** Data extract follows **

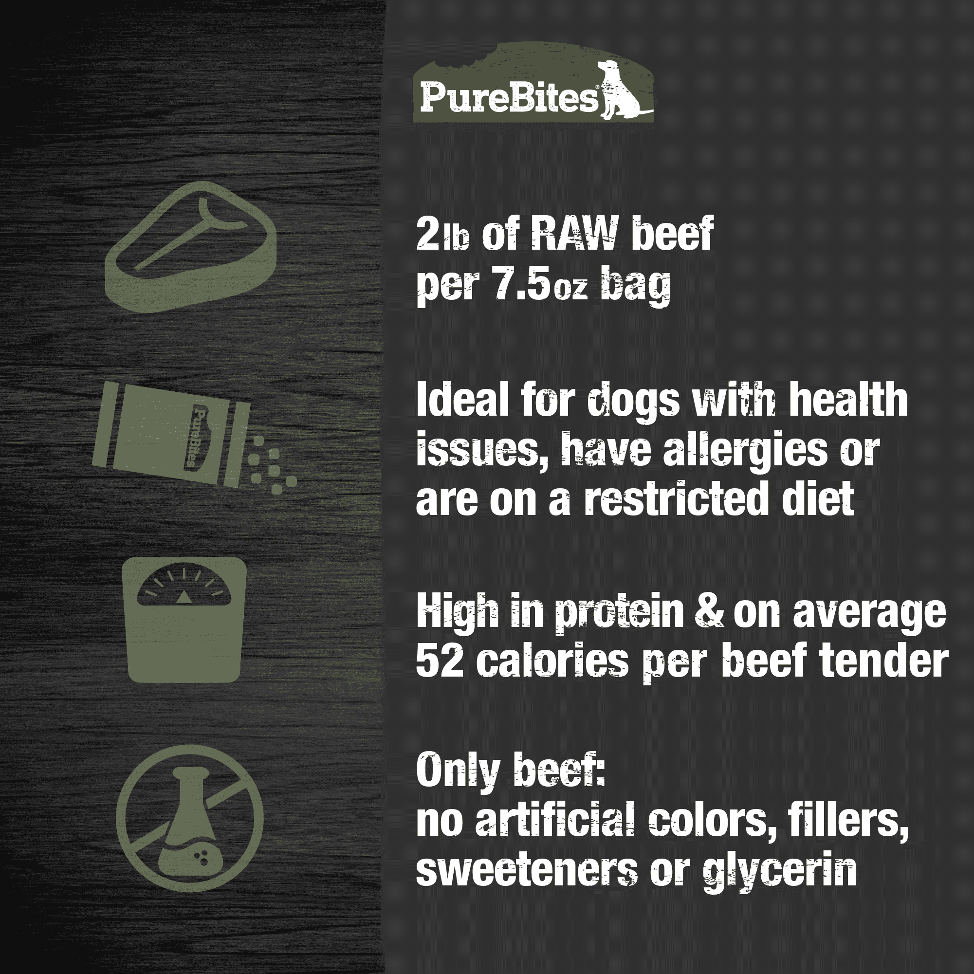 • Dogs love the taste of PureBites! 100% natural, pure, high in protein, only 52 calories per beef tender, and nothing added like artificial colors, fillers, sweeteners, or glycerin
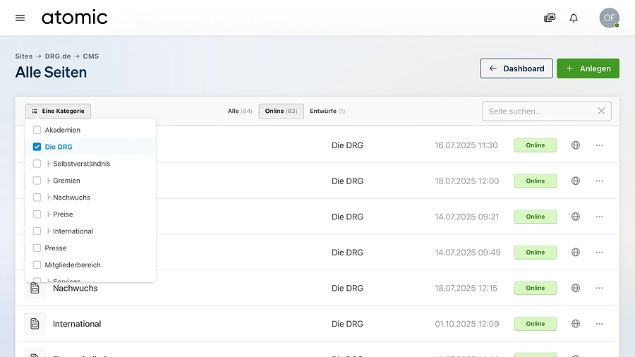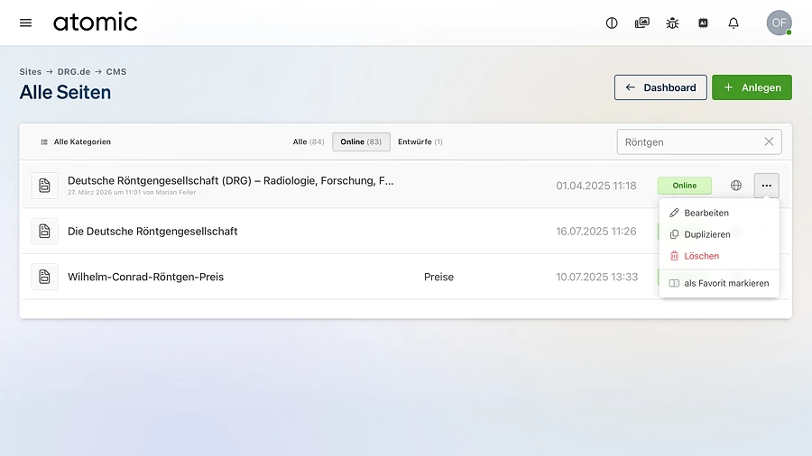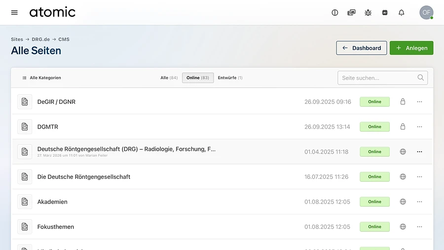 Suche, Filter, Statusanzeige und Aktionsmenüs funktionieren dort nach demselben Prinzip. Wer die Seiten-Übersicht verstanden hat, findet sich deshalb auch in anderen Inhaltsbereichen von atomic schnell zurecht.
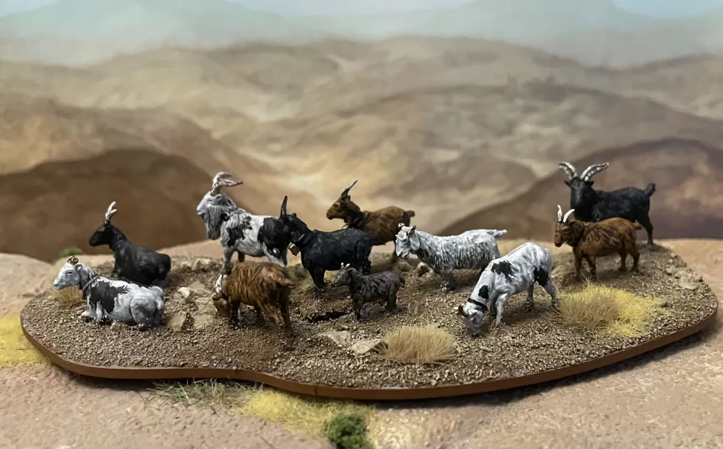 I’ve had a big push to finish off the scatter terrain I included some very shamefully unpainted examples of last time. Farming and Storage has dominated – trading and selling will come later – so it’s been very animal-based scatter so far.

** End of Data extract **

> [About this exercise] Repeat the material above exactly; pictures do not belong in the copy.

> [Written response]
 • Dogs love the taste of PureBites! 100% natural, pure, high in protein, only 52 calories per beef tender, and nothing added like artificial colors, fillers, sweeteners, or glycerin
 Suche, Filter, Statusanzeige und Aktionsmenüs funktionieren dort nach demselben Prinzip. Wer die Seiten-Übersicht verstanden hat, findet sich deshalb auch in anderen Inhaltsbereichen von atomic schnell zurecht.
 I’ve had a big push to finish off the scatter terrain I included some very shamefully unpainted examples of last time. Farming and Storage has dominated – trading and selling will come later – so it’s been very animal-based scatter so far.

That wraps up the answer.